Gabriel Dos Reis gdr at integrable-solutions.net
Tue Feb 12 02:26:49 CET 2013


On Mon, Feb 11, 2013 at 6:37 PM, Johan Tibell <johan.tibell at gmail.com> wrote:
> On Mon, Feb 11, 2013 at 4:34 PM, Gabriel Dos Reis
> <gdr at integrable-solutions.net> wrote:
>>
>> I have some experience with GCC releases -- having served as a GCC
>> Release Manager for several years. In fact, the release scheme we
>> currently
>> have has gone through several iterations -- usually after many
>> "existential"
>> crisis.  Yes, we don't break GCC ABI lightly, mostly because GCC isn't
>> a research compiler and most "research works" are done on forgotten
>> branches
>> that nobody cares about anymore.  Implementing new standards (e.g. moving
>> from C++03 to C++11 that has several mandated API and ABI breakage) is a
>> royal pain that isn't worth replicating in GHC -- at least if you want
>> GHC to remain a research compiler.
>>
>> Concerning your question about release number, I would venture that there
>> is a certain "marketing" aspect to it.  I can tell you that we, the
>> GCC community,
>> are very poor at that -- otherwise, we would have been at version 26
>> or something :-)
>
>
> Thanks for sharing! My perspective is of course as a user. I don't think
> I've ever run into a case where the compiler broken a previous work e.g. C++
> program. On the other hand I have to make a release of most of the libraries
> I maintain with every GHC release (to bump cabal version constraints to
> accept the new base version, if nothing else).
>
> -- Johan
>

I understand.

Concerning GCC, it is true that the shear size of the user base and the
audience of the compiler ("industrial strength") calls for a very conservative
approach to ABI or API breaking.  On the hand, that means that there are
certain welcomed, beneficial changes that we cannot effect.  For
example, because
libstdc++ has been an early adopter of a reference counted-based implementation
of std::string, we could not switch to more efficient and more
multithread-friendly
implementation.  That was has been contributed for years but has been
sequestered
in some branches and namespaces integrated with the rest of the
library.  That is
a shame, but one that is unavoidable given the expectation of the GCC audience.

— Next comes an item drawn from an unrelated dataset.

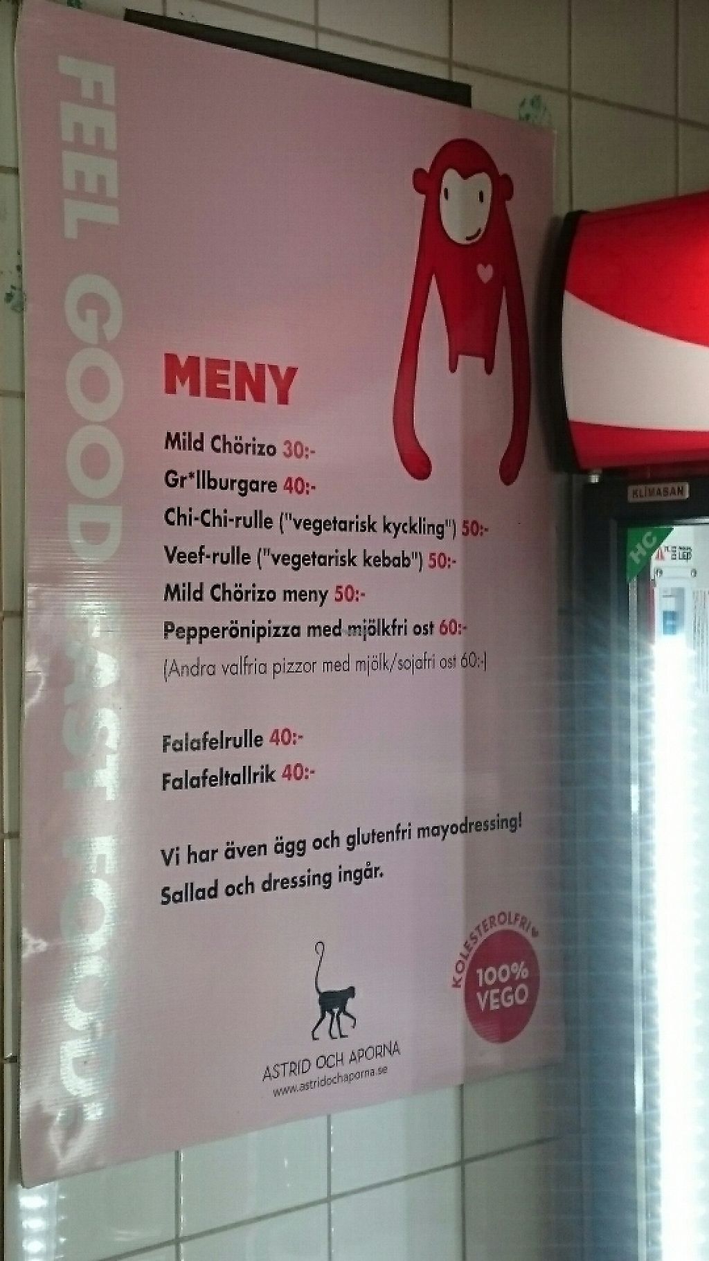 Serves meat, vegan options available. Fast food restaurant with a separate vegan menu by Astrid och Aporna including vegan pizza, kebab, vegan burger, falafel and vegan mayo. Removed Aug 2018 - restaurant for sale and vegan options limited. Please note that many businesses in Sweden are cashless.

It is not clear to me that GHC is ready for that kind of constraints.

We are still describing the C++11 implementation as "experimental"
because we "fear"
that doing otherwise might commit ourselves to an ABI and API that we
may need to
break later -- possibly because of undetected bugs or because we have found
implementations we like better.  Of course, that causes some distress
in the community
because people would like to say "GCC implements C++11."

Finally, we do break API, you have just been lucky :-)

     http://gcc.gnu.org/onlinedocs/libstdc++/manual/api.html

But, we have also developed very elaborate scheme for symbol
versioning and namespace associations to help users digest API breakages
without tears.  Symbol versioning is a very messy business.

I am still of the opinion that the current issue with GHC and HP is
social, and it
can be resolved through communication and coordination between the two
communities for the great good of the Haskell community.